The data part is composed of zero or more block data and zero or one main data, which correspond to the XLogRecordBlockHeader(s) and to the XLogRecordDataHeader, respectively.

WAL compression

In versions 9.5 or later, full-page images within XLOG records can be compressed using the LZ compression method by setting the parameter wal_compression = enable. In that case, the XLogRecordBlockCompressHeader structure will be added.

This feature has two advantages and one disadvantage. The advantages are reducing the I/O cost for writing records and suppressing the consumption of WAL segment files. The disadvantage is consuming much CPU resource to compress.

Fig. 9.10. Examples of XLOG records (versions 9.5 or later).

Some specific examples are shown below, as in the previous subsection.

9.4.3.1. Backup Block

The backup block created by an INSERT statement is shown in Fig. 9.10(a). It is composed of four data structures and one data object:

  1. the XLogRecord structure (header-portion).
  2. the XLogRecordBlockHeader structure, including one LogRecordBlockImageHeader structure.
  3. the XLogRecordDataHeaderShort structure.
  4. a backup block (block data).
  5. the xl_heap_insert structure (main data).

The XLogRecordBlockHeader structure contains the variables to identify the block in the database cluster (the relfilenode, the fork number, and the block number). The XLogRecordImageHeader structure contains the length of this block and offset number. (These two header structures together can store the same data as the BkBlock structure used until version 9.4.)

The XLogRecordDataHeaderShort structure stores the length of the xl_heap_insert structure, which is the main data of the record. (See below.)

Info

The main data of an XLOG record that contains a full-page image is not used except in some special cases, such as logical decoding and speculative insertions. It is ignored when the record is replayed, making it redundant data. This may be improved in the future.

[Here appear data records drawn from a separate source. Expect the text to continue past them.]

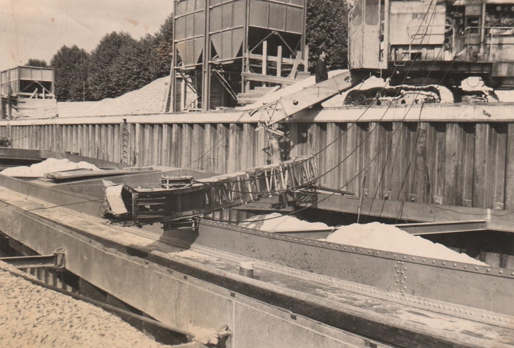 Une vieille photo du quai de Javel à Paris, mes parents travaillaient sur le Caucase (barge l'Australien). Une mauvaise manoeuvre du grutier et voilà! Personne en dessous, et mon père a pris son appareil photo.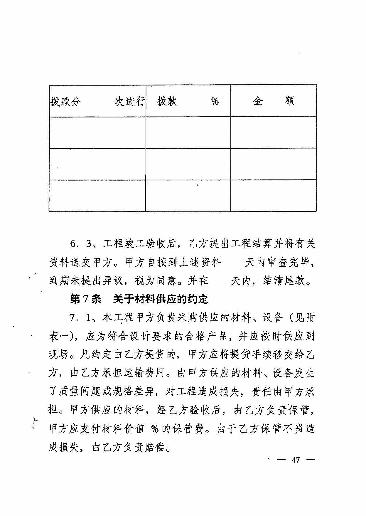 為了規范建筑裝飾工程市場行為,維護承發包雙方權益,現將建筑裝飾工程施工合同甲種本(GF-96-0205)和乙種本(GF-96-0206)兩個示范文本印發給你們。建筑裝飾工程施工合同甲種本適用于大、中型建筑裝飾工程,乙種本適用于小型建筑裝飾工程。大中小型工程的界定,建議以工程造價為界定依據,由各地區、各部門具體規定。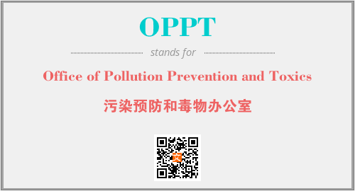 上述内容是“Office of Pollution Prevention and Toxics”作为“OPPT”的缩写,解释为“污染预防和毒物办公室”时的信息,以及英文缩略词OPPT所代表的英文单词,其对应的中文拼音、详细解释以及在英文中的流行度和相关分类、应用领域及应用示例等。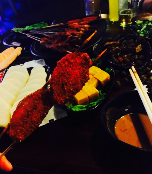 位置还是蛮好找的,距离地铁站很近,朋友说不错就想着试试,装潢风格还是很舒适的,正巧遇上有驻唱,值得一提的是真的很吵,喜欢清净的不建议,火锅烤串集一体,天气热,就弃了火锅了,怎么说呢,炒的蛏子真的很有失水准,一口一吃沙子,生蚝处理的也不行,建议改善啊,烤串的味道中规中矩,肉串小小的,烤玉米但是特别鲜美啊,气氛还是很适合喝酒聚会的,总体不错。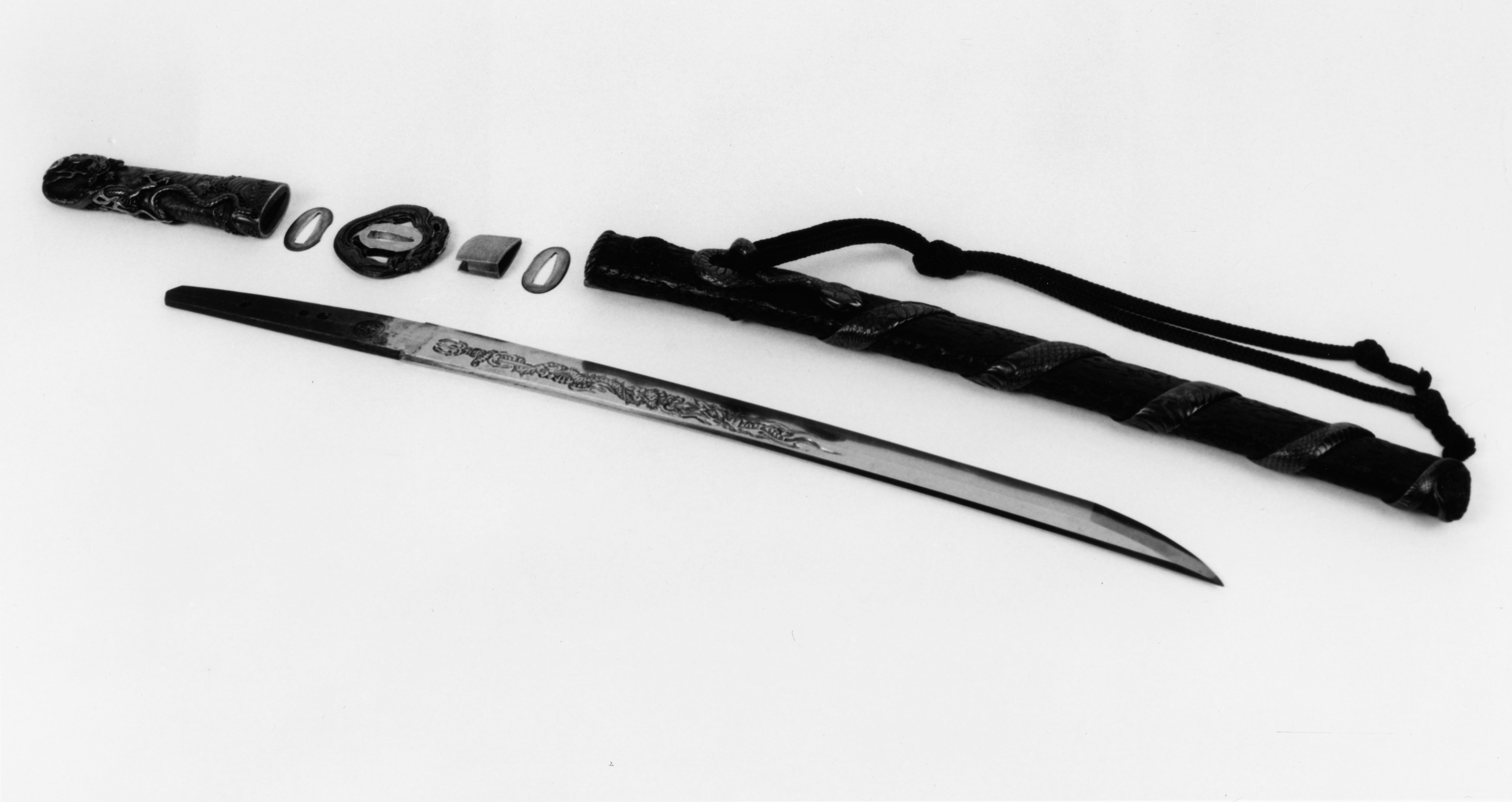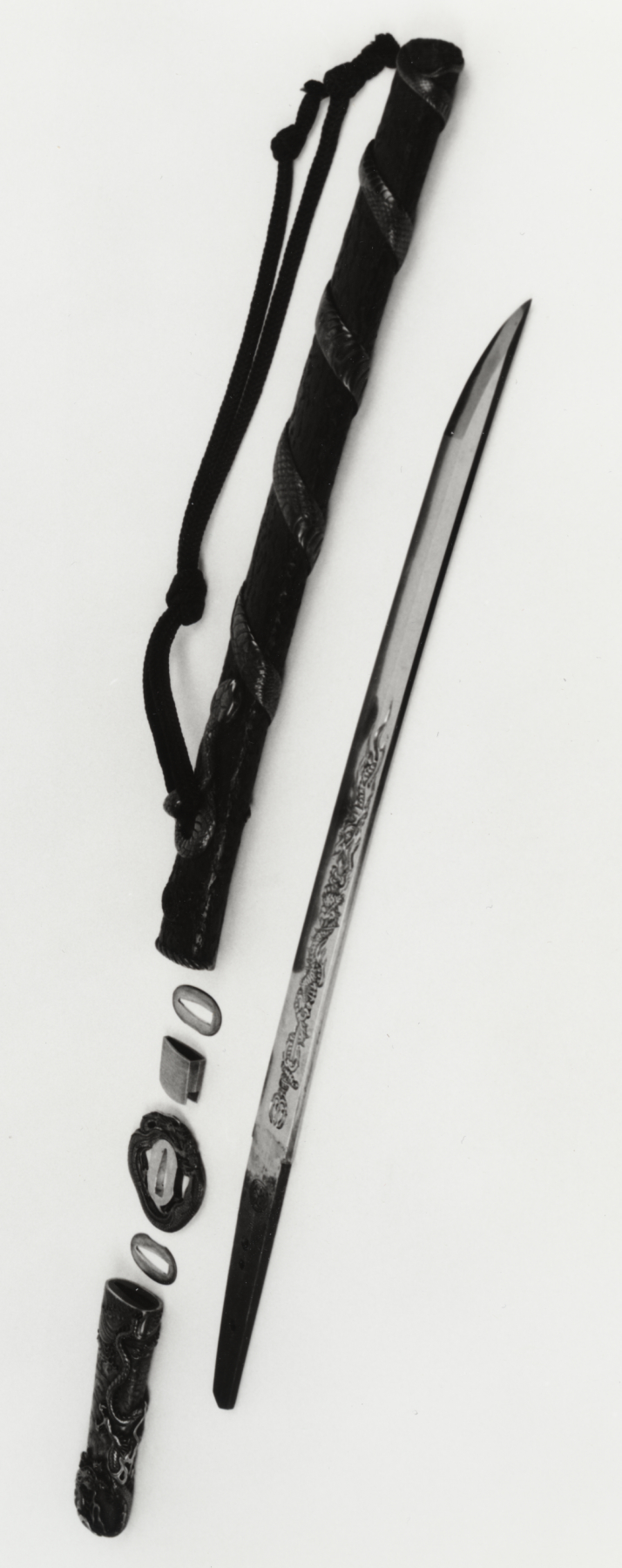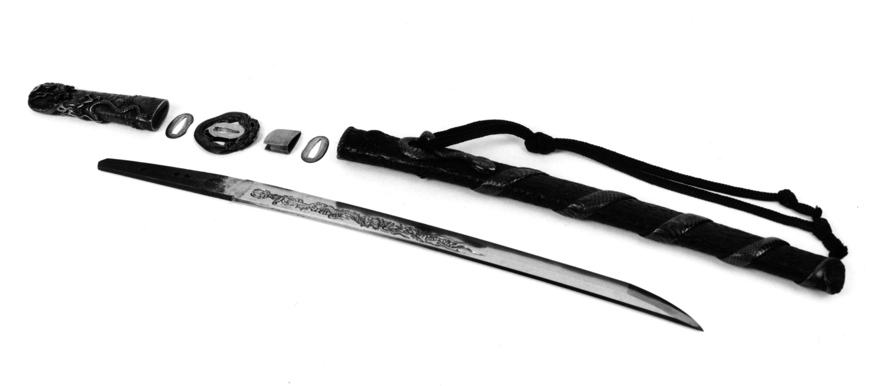 Wood saya worked with pine bark and large silver snake coiling arond it. Mountings of silver with gold detail; Tsuba with dragon clutching a jewel. Gold habaki. Kozuka handle of sentoku with lizard and orchids. Very heavy blade with the double-edged sword of the fierce Buddhist deity Fudo Myo-o, a dragon coiled around it, is engraved on the blade. Inscribed "Yasutsugu (Third Generation) Made in Tokyo, around 1665.

In addition, the main data of backup block records depends on the statements that create them. For example, an UPDATE statement appends xl_heap_lock or xl_heap_updated.

9.4.3.2. Non-Backup Block

Next, I will describe the non-backup block record created by the INSERT statement (see Fig. 9.10(b)). It is composed of four data structures and one data object:

  1. the XLogRecord structure (header-portion).
  2. the XLogRecordBlockHeader structure.
  3. the XLogRecordDataHeaderShort structure.
  4. an inserted tuple (to be exact, a xl_heap_header structure and an inserted data entire).
  5. the xl_heap_insert structure (main data).

The XLogRecordBlockHeader structure contains three values (the relfilenode, the fork number, and the block number) to specify the block that the tuple was inserted into, and the length of the data portion of the inserted tuple. The XLogRecordDataHeaderShort structure contains the length of the new xl_heap_insert structure, which is the main data of this record.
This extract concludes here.